Posted on 9 mars, 2015

Program Manager, Azure Stream Analytics
A common ask among DocumentDB customers is, “How do I search for documents containing some text value?” In this post, we will explore two different ways of doing this, depending on what you are wanting to accomplish.

1. Tokenizing words

The first method is easy to implement and works well when your requirements are just relatively simple word matching. Consider a document that looks like the JSON below:
{
    "id": "CDC101",
    "title": "Fundamentals of database design",     "credits":  10
}
How would I search for all documents that had the word ‘database’ in the title field? A simple way to do this would be to tokenize the title field and create JSON as below:
{
    "id": "CDC101",
    "title": "Fundamentals of database design",
    "titleWords": [ "fundamentals", "database", "design" ],
    "credits":  10
}
Note:  consider using a RegEx to transform words to lowercase and remove any punctuation. Also, strip out stop words like “to”, “the”, “of”  etc. (http://en.wikipedia.org/wiki/Stop_words)
Now searching for words in the title becomes easy with the following query:
SELECT VALUE r
FROM root r JOIN word IN r.titleWords
WHERE word = "database"
Note:  Notice I used the VALUE keyword in this SQL statement. The VALUE keyword provides a way to return JSON value. For more on the VALUE keyword, refer to the Query with DocumentDB article.
If you want the same query expressed in C# in LINQ then it would be -
List<MyType> results = client.CreateDocumentQuery<MyType>(collection.SelfLink)
    .SelectMany(r => r.AllWords
        .Where(word => word == "database")
        .Select(word => r)
    ).ToList<MyType>();
  The query above is very efficient. It will take advantage of the fact that each word in the array will be indexed by default in DocumentDB allowing for quick equality matching on a word, as we are doing here. Another great advantage to this approach is that it will honor the consistency levels of your database, meaning that any changes to your tokenized words will be available for querying immediately.  

2. Using Azure Search

If you have many words to tokenize, you can't accommodate the extra storage required to store the additional array of words, or you need more complex multi-faceted full-text searching capabilities across multiple fields etc. then the above approach will not work for you and you need the assistance of a more powerful full-text capable search engine.
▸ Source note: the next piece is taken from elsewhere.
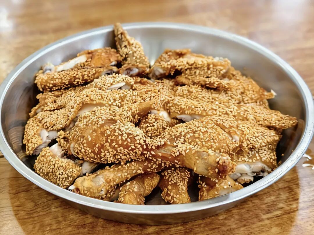 芝麻鸡以“外皮酥脆、芝麻焦香、鸡肉鲜嫩”著称。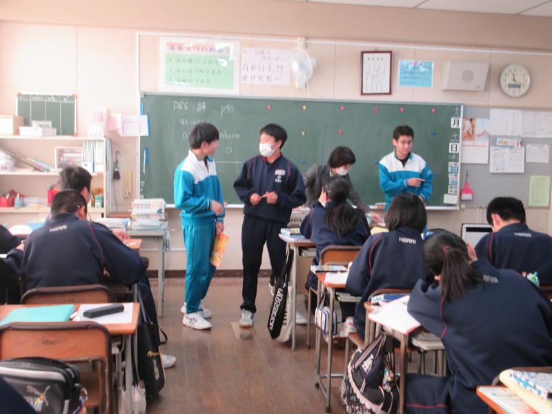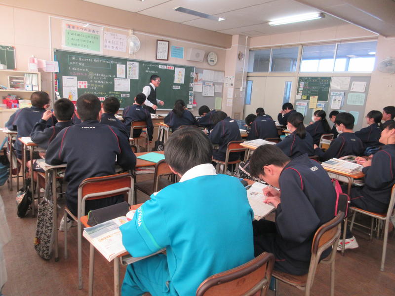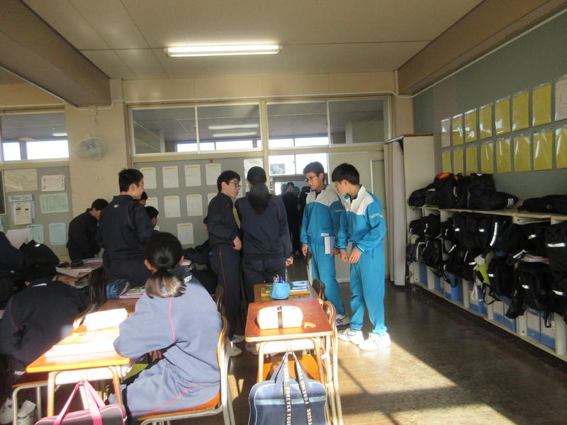 蓬莱中学校訪問第2弾 1,2年生 2019年12月11日 12時36分 本日、午前中1・2年生が蓬莱中学校において、授業を受けてきました。11月に続いて2回目です。1年生は、国語、理科、保体、2年生は、社会、保体、英語でした。

Luckily Azure has one of these that is super easy to setup and use, it is called Azure Search. You can setup a data source pointing to your DocumentDB database and have a Search indexer crawl through your data on a predefined schedule. For detailed steps on setting this up, check out Connecting DocumentDB with Azure Search using indexers. You can also download a sample ASP.NET MVC web application using DocumentDB and Search together. In order to run this sample, simply create a Search account and a DocumentDB account. Once you have these, update the web.config with your endpoints and keys (obtainable from the Azure Management Portal). The download includes sample todo items which you can import in to DocumentDB if you want to start with some canned data, or you can just crack open the solution in Visual Studio and run the project to start with a clean slate. Add some todo items, hit the index button to force a manual re-index and then go do some searching. So, there you have it – > Searching for text within DocumentDB is easy! To learn more about DocumentDB, visit our service page and to learn more about DocumentDB query syntax, please visit our Query Playground page.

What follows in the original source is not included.